Items listed in a dataset
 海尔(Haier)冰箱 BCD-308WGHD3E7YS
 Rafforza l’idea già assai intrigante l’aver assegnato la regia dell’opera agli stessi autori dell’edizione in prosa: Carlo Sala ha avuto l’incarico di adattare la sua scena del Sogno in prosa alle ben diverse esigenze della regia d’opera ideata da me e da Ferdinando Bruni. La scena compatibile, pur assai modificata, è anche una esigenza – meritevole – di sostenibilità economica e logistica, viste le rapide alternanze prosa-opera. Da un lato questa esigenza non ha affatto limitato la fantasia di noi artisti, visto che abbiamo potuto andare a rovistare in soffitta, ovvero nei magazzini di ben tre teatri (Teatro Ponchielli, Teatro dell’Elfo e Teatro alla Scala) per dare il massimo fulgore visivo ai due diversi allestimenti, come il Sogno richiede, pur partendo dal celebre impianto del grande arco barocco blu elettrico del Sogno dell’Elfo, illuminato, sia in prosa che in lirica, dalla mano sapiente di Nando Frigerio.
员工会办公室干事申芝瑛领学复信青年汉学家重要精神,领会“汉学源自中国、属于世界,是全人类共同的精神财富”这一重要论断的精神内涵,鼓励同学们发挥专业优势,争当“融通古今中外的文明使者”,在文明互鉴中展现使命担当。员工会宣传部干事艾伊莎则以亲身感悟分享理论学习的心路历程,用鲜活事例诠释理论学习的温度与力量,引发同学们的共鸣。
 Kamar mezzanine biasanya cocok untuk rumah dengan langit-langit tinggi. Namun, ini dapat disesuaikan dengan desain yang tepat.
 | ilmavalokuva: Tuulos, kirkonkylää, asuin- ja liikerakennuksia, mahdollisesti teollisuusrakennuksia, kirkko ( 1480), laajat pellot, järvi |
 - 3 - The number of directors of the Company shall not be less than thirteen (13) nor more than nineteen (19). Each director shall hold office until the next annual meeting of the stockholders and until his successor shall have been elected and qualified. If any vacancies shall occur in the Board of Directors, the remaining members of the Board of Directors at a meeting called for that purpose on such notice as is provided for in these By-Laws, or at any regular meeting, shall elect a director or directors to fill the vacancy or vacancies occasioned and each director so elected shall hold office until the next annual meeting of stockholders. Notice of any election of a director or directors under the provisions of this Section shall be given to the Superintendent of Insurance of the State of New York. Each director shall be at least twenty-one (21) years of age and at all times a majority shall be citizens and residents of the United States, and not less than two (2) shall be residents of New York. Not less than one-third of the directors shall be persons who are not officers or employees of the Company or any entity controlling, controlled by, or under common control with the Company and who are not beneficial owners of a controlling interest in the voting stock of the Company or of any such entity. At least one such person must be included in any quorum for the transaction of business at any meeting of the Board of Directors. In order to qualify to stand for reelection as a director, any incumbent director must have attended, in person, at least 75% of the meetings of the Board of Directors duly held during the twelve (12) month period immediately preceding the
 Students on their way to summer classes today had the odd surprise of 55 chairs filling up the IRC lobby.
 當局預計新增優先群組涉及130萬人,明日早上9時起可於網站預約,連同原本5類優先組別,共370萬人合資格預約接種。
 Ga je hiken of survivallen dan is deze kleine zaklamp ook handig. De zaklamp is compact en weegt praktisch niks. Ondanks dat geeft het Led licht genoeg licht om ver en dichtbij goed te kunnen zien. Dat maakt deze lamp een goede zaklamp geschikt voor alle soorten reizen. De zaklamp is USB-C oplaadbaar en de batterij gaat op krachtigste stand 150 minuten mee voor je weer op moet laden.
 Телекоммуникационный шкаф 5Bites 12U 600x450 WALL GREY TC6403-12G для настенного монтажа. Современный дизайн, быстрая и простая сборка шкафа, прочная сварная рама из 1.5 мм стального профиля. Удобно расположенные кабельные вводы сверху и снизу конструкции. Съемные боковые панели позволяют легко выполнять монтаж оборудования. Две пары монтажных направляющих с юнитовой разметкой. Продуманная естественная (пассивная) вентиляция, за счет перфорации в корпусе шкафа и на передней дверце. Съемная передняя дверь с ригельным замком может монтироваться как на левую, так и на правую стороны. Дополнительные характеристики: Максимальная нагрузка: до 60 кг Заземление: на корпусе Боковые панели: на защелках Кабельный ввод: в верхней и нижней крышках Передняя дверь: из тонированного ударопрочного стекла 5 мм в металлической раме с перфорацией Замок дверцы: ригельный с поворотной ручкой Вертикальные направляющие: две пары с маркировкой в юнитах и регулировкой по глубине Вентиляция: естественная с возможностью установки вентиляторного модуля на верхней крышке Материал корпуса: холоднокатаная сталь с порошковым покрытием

• [Work task] Lines after the one containing "pellot, järvi |" are not part of the task. Output the entries exactly from their first line through that one.

• [Exercise solution]
 海尔(Haier)冰箱 BCD-308WGHD3E7YS
 Rafforza l’idea già assai intrigante l’aver assegnato la regia dell’opera agli stessi autori dell’edizione in prosa: Carlo Sala ha avuto l’incarico di adattare la sua scena del Sogno in prosa alle ben diverse esigenze della regia d’opera ideata da me e da Ferdinando Bruni. La scena compatibile, pur assai modificata, è anche una esigenza – meritevole – di sostenibilità economica e logistica, viste le rapide alternanze prosa-opera. Da un lato questa esigenza non ha affatto limitato la fantasia di noi artisti, visto che abbiamo potuto andare a rovistare in soffitta, ovvero nei magazzini di ben tre teatri (Teatro Ponchielli, Teatro dell’Elfo e Teatro alla Scala) per dare il massimo fulgore visivo ai due diversi allestimenti, come il Sogno richiede, pur partendo dal celebre impianto del grande arco barocco blu elettrico del Sogno dell’Elfo, illuminato, sia in prosa che in lirica, dalla mano sapiente di Nando Frigerio.
员工会办公室干事申芝瑛领学复信青年汉学家重要精神,领会“汉学源自中国、属于世界,是全人类共同的精神财富”这一重要论断的精神内涵,鼓励同学们发挥专业优势,争当“融通古今中外的文明使者”,在文明互鉴中展现使命担当。员工会宣传部干事艾伊莎则以亲身感悟分享理论学习的心路历程,用鲜活事例诠释理论学习的温度与力量,引发同学们的共鸣。
 Kamar mezzanine biasanya cocok untuk rumah dengan langit-langit tinggi. Namun, ini dapat disesuaikan dengan desain yang tepat.
 | ilmavalokuva: Tuulos, kirkonkylää, asuin- ja liikerakennuksia, mahdollisesti teollisuusrakennuksia, kirkko ( 1480), laajat pellot, järvi |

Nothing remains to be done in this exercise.